Friday, January 30, 2009

This queasy-gut feeling. I'm sure it's love.

Not really, though, because I don't know anything. About what I want or who I need or who I even want really. I don't know what's best for me, I don't know who loves me or who I love honestly and truly. I don't know if I'm going to make it through this alive on my own or if someone will have to pull me through it kicking and screaming. There's a pain in my chest because I fucked up. Because I did something bad and it's throwing my world out of balance. I'm not sure if my love is... my love anymore. I'm not sure if I'm really who I want to be or where I want to be. I'm confused out of my mind. And this isn't good for me because God only knows how madly in love with him I've always been.

Him.

Not her.

But I love her too.

This is a whirlwind of emotions and I guess whoever's going to face it with me is the one who loves me most. Who I should be with. And when I think back on it now, I know who's going to face it with me. Her. Rena. Marena. Not him. Because he runs at the first sign of trouble, and he only loves me when... He comes and goes. She's here, she's solid. Like back pain. except she doesn't cause me to take tylenol to sleep.

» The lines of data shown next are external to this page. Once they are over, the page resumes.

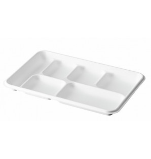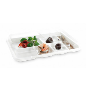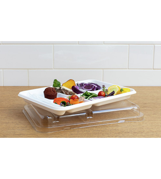 Plateau repas en bagasse avec 6 alvéoles, dont 1 alvéole latérale pour les couverts, verre ou accessoires. Il peut se compléter avec un couvercle transparent recyclable CPF6R, permettant une parfaite visibilité de son contenu. Le socle peut passer de la congélation, au four ou au micro-ondes. Plateau Snack 6 est une solution économique pour les repas à livrer (collectivités, écoles, entreprises...).
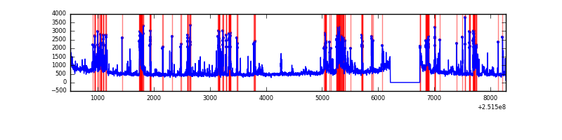Red curve is a Poisson curve with rate = median count rate of data. |
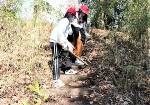 階段に積もっているたくさんの落ち葉をみんなの力で取り除いていきました。
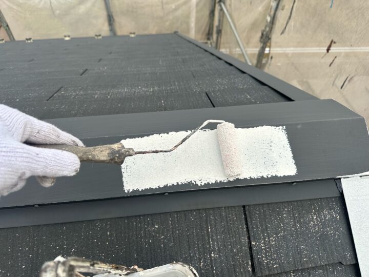 棟板金をサビから守るため、下塗り材にサビ止め塗料を使用します。
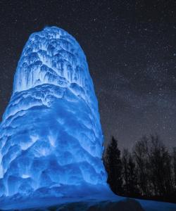 Внутрь можно пройти через прорубленный вход — зрелище незабываемое! Каждый год ледяной фонтан имеет разную форму, так как наледь намерзает всегда по-особенному. «Сосулька» застывает в зависимости от температуры и направления ветра.
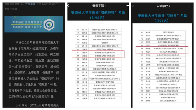 近日,团省委、省学联公布2023年安徽省大学生就业“引航导师”“引航员”名单。我校2010届英语专业毕业生潘骥风、2007届应用心理学专业毕业生孙超全、2016届电子科学与技术专业毕业生陈蒙蒙、2018届酒店管理专业毕业生许光林4位优秀校友成功入选。
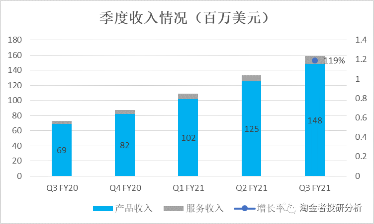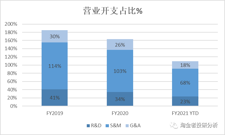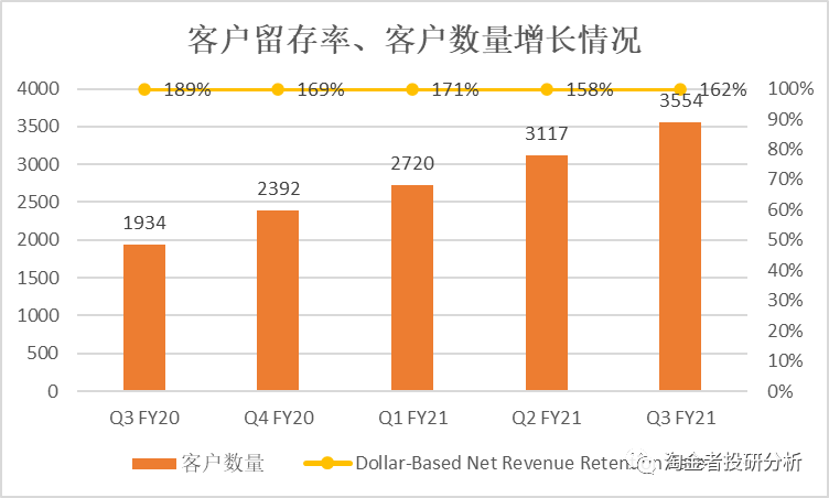 Q3的客户总数量达到3554,同比增长84%,产品收入超过100万美元的客户达到65家,同比增长110%。大客户贡献收入比重持续增长,2021财年上半年为56%。

If he tries to stick this out with me... which I'm sure he won't ("You need to stay committed to her. I love you, but this isn't right... for either of us."), but if he does, I don't know if I'm going to make it. She's my Eloise and he's my Ryan. Who does Grace ultimately end up with?

Anyways...

I is for I Don't Care by Fall Out Boy. Ironically, these lyrics fit almost exactly how I feel right now: I don't care what you think, as long as it's about me.

Love,
Madi.

PS: Starshine, it won't happen again. If it comes down to me having to choose, I will. I just don't know who (99.9% you, so you don't have to worry much.)